Предсказатели сообщили, что этот год будет очень трудным для меня. Обычно в таких случаях люди боятся смерти. Я же успокаиваю себя мыслью, что беда приходит и в других обличьях. В таких, например, как расторжение брака.
Но нет, я не хочу пока об этом думать. Это не разрыв. Это просто пауза в отношениях — не больше. Время, когда мы с мужем можем подумать, отбросив в сторону сиюминутные обиды.
Путешествие даже можно было бы назвать приятным, если бы не погода и не мои скачущие мысли, не желающие оставить меня в покое. Мы ехали по узкой дороге, которая шла вдоль реки в долине Тани. Я никогда не видела исток реки и не могу сказать, как он выглядит, но там, где она течет по владениям моего мужа, она молодая, как капризная девушка, одетая в парчу плохо сочетаемых цветов, вся в камнях, водоворотах, с сильным течением. Но несколько дней спустя река становится замужней женщиной, медлительной и грациозной, одетой в простые шелка, даже в них умеющей выглядеть богато и роскошно. Деревья по ее берегам кажутся верными слугами. Листья их уже не ярко-зеленого цвета, как летом, а более спокойных и приглушенных тонов. Некоторые деревья уже полностью сменили летний окрас на осенний: здесь и поразительной красоты красный цвет, и блестящий золотой.
Через день или два река снова меняется. Появляются мрачные серые тона, словно одеяние монахини. Девушка, женщина, старуха… Наконец река впадает в приливно-отливный бассейн залива Наруми: ее темные воды растворяются в океане, как дым погребального костра.
Я очень много думаю об окрашивании тканей во время путешествия. Это естественно: в конце концов, осень — подходящий сезон для этого.
Через день или два мы проехали поле высокой обана-травы. Ее легкие колоски с семенами возвышались высоко над головами волов и сыпались к нам в повозку. Трава была шелковистой, золотистого цвета с бахромой на длинных тонких листьях. Я не обратила внимания на предупреждение Онаги о разбойниках, только и мечтающих нас изнасиловать, и открыла оранжевые занавески, чтобы дотронуться до травы.
Когда мы проезжали мимо следующего храма, то остановились и оставили свои молитвы о том, чтобы нам не случилось пролить в дороге кровь.
Храм маленький и старый — просто камень с дощечкой, на которой объясняется, почему мы должны поклоняться этому камню. К камню привязана веревка, увешанная клочками бумаги с молитвами, выгоревшими на солнце, потрепанными ветром и омытыми дождем.
Последние дни нашего путешествия прошли быстро. Чем ближе мы подъезжали к столице, тем оживленнее становилось движение. Нам встречались и гонцы, и телеги, везущие утварь в город и богатые кареты горожан с сопровождением.
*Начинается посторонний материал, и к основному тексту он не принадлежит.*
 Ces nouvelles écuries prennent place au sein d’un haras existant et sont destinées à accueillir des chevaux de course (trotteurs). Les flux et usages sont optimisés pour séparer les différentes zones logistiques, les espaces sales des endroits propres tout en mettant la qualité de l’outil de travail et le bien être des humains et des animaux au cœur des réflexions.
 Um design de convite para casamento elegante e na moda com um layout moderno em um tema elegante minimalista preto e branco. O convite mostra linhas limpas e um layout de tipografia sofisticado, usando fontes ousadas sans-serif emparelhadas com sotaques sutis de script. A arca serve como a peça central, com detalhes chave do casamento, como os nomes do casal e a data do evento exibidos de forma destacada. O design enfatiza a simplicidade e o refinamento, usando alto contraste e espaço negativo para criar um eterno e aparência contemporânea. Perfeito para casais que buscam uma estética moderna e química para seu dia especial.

Ехать стало легче, если не обращать внимания на дорожную пыль. Я выглянула из кареты и увидела первую за все путешествие черноголовую чайку, словно приветствующую меня в столице.
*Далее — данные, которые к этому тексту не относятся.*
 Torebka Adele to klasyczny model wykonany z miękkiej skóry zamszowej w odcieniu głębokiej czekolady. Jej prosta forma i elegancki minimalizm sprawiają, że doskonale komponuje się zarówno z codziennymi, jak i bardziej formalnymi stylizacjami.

Мы едем вдоль городской стены, находящейся в весьма плачевном состоянии, полуразрушенной и заросшей вьюнком. Стену окружает ров со стоячей водой, наполовину скрытой высоким тростником. Главные ворота; торговая площадь, всегда шумная и воняющая дешевыми масляными лампами; широкие улицы западной части, отделяющие заброшенные участки земли и пустующие дома, гниющие от дикости; улица Ниджо… Когда последние вечерние тени растворяются в свете восходящей луны, я подъезжаю к дому, который делила с мужем все эти годы. Шум и огни, за оградой слышатся крики, топот лошадей, скрип телег.
Так странно чувствовать себя одной, когда вокруг столько людей… Может быть, я поступила неправильно, что так быстро уехала от мужа? Нет, потому что я уехала не от мужа, я бежала от одержимости.
Но то была моя одержимость или его?
2. Дневник Кицунэ
Мы с Йошифуджи не спали всю ночь: запах и ощущение его тела рядом с моим сделали меня неутомимой. То, что он делал со мной или просил меня делать, казалось мне странным, но заставляло трепетать от удовольствия. Под утро единственное, на что я была способна, — это держать его за руку своими дрожащими пальцами.
Серый свет сыпался на нас сверху через своды крыши, как мука. Наконец мой любовник встал. Холодный воздух заполнил то место, где он лежал, пробрался в мое шелковое ночное платье. Как были грубы холодные объятия воздуха после теплой плоти Йошифуджи! Должно быть, мы не заметили, что ночью стало очень холодно.
Я села, чтобы лучше видеть, что он делает. Небеленые платья Йошифуджи висели на нем словно на привидении. Он смотрел на печку через окно в форме открытых лепестков лотоса. Он не глядя завязывал узел на брюках: так одеваются мужчины, когда уносятся мыслями куда-то очень далеко.